Last updated: Mar 29, 2026

Quick Overview

This question evaluates stakeholder alignment, leadership, cross-functional communication, decision-making under ambiguity, prioritization among competing KPIs, and negotiation skills in a data science context.

  • hard
  • Expedia
  • Behavioral & Leadership
  • Data Scientist

Lead alignment under ambiguity and pressure

Company: Expedia

Role: Data Scientist

Category: Behavioral & Leadership

Difficulty: hard

Interview Round: Onsite

Stakeholders disagree on the ‘right KPI’ (Director: margin per search; Product: bookings per user; Marketing: attributed conversions). You have 48 hours to prepare a case and were told to spend ‘a few hours,’ yet the panel expects depth.
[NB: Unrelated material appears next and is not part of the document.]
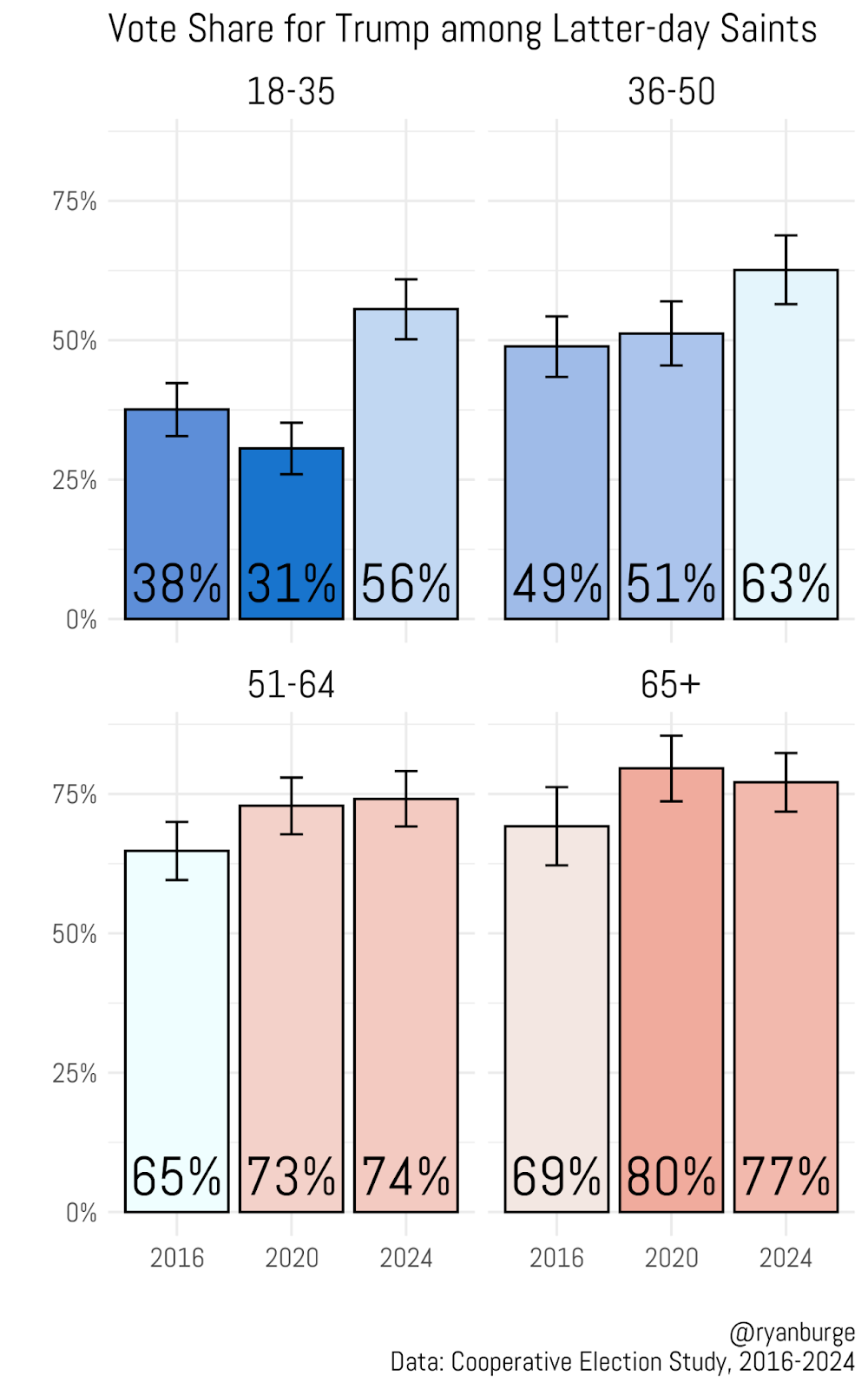 And let me make sure this doesn’t get lost: a majority of Latter-day Saints between the ages of 18 and 35 voted for Donald Trump in 2024. That wasn’t true in either 2016 or 2020. There was also some movement toward Trump among LDS voters aged 36–50. So it’s tough to make the case that younger Mormons are trending leftward when you look at these results.

Describe how you would: a) align on the decision to be made and success criteria up front (prewire, written brief, acceptance thresholds); b) manage ambiguity during interviews by summarizing long/unclear questions, asking targeted clarifiers, and documenting assumptions; c) structure the narrative (e.g., SCQA) and communicate trade-offs/risks with clear guardrails; d) handle conflicting post-presentation feedback and negotiate scope/next steps without defensiveness; e) push back professionally on constraints (timeline, relocation, compensation) while maintaining rapport and offering principled alternatives.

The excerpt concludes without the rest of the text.